Financial accounting is categorized into four basic elements: assets, liabilities and owners’ equity, revenues, and expenses (each of which is explained below). Assets and expenses are represented by net debits, whereas liabilities, equity, and revenues are represented by net credits. The total amount of these debits and credits are commensurate at all times.
Table of Contents
Balance Sheet
The balance sheet shows a company’s balances at a specific point in time, specifically including the company’s assets, liabilities, and owners’ equity.
- Assets: An asset represents a measurable amount for which the company expects to obtain a benefit or use in the future. Examples include equipment, inventory, prepaid expenses, and other amounts used to increase future revenues or reduce future expenditures. (For more information, see Assets.)
- Liabilities: A liability is an amount for which the company expects to have to satisfy a future obligation. Examples include accounts payable, long-term debt, accrued pension benefit obligations, and other amounts owed to external parties. (For more information, see Liabilities.)
- Owners’ equity: Owners’ equity represents the accumulated earnings of the company plus capital contributions from owners, less dividends and any other payouts to owners. Owners’ equity is a residual amount, represented by the excess of total assets less liabilities. (For more information, see Owners’ equity.)
Income Statement
Whereas the balance statement is static (it measures certain balances at a specific point in time), the income statement is transitory: it shows the company’s operating performance for a specific year in terms of its net income or loss, as broken down by its revenues and expenses. (For more information, see Income and Expenses.)

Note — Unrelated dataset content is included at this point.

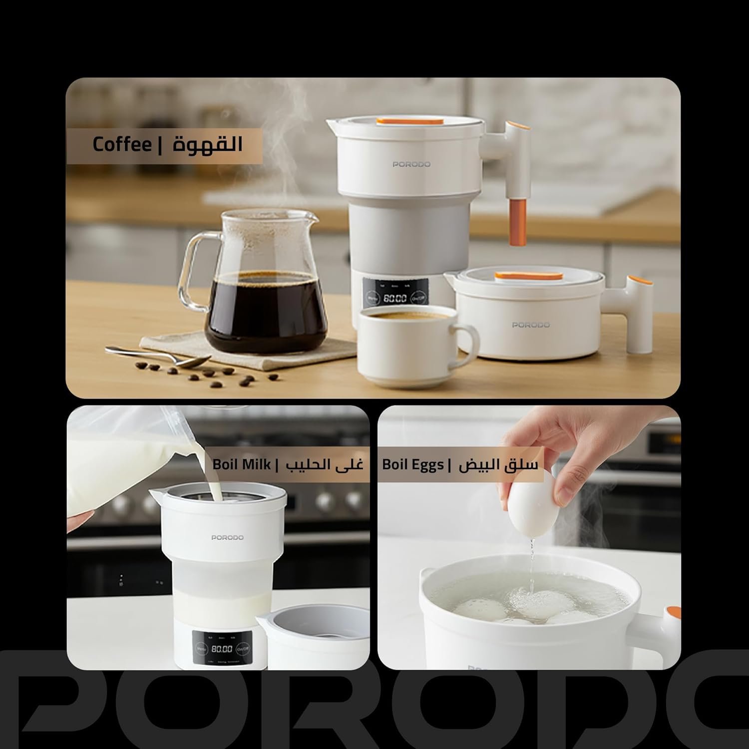 - Collapsible Design: Unique The Porodo electric kettle folding design makes it great to take on trips, vacation, camping holidays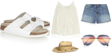 - També cal destacar les sabates d’estiu de punta tancada. Un dit elegant amaga els dits, però mostra una mica la forma del peu. Gràcies a aquesta combinació, les sandàlies semblen maleïdes. El més important és que el mitjon sigui clàssic, és a dir. una mica illenca.

- Revenues: Revenues represent income amounts, such as sales, commission income, service income, and other income amounts that relate to the company’s primary line of business.
- Cost of sales: Cost of sales decreases net income and represents the direct expenditures and allocated overhead costs incurred in preparing for sale the company’s primary product (the same product that comprises the company’s revenues).
- Expenses: Expenses decrease income and represent expenditures and allocated period costs of capital items, other than expenses already included in cost of sales. Examples of expense items include rent expense, depreciation, interest expense, and salary expense.
- Other income and expense items: These items represent amounts that increase or decrease the company’s net income but that are not directly related to the company’s primary line of business. Examples include interest income on excess cash, losses on asset sales, and other nonrecurring or unusual items.
Cash Flow Statement
The cash flow statement shows a detailed breakdown of the sources and uses of a company’s cash and cash equivalents over the accounting period. The cash flow statement reconciles to the company’s beginning and ending cash balances, as shown on the balance sheet.
Sections
The cash flow statement is separated into three sections, detailing net cash provided by (used by) operating activities, investing activities, and financing activities.
- Operating activities: Operating activities include all activities that go into the preparation of the company’s goods for sale (or, if a service business, into the preparation and support of its primary services). All activities not includable as investing or financing activities are included as operating activities.
- Investing activities: Investing activities include cash transactions related to ownership or lending of securities as well as handling the acquisition and disposal of long-term assets. Investing activities include such transactions as buying and selling depreciable assets and proceeds or repaying loans to other entities (if not classified as trading securities).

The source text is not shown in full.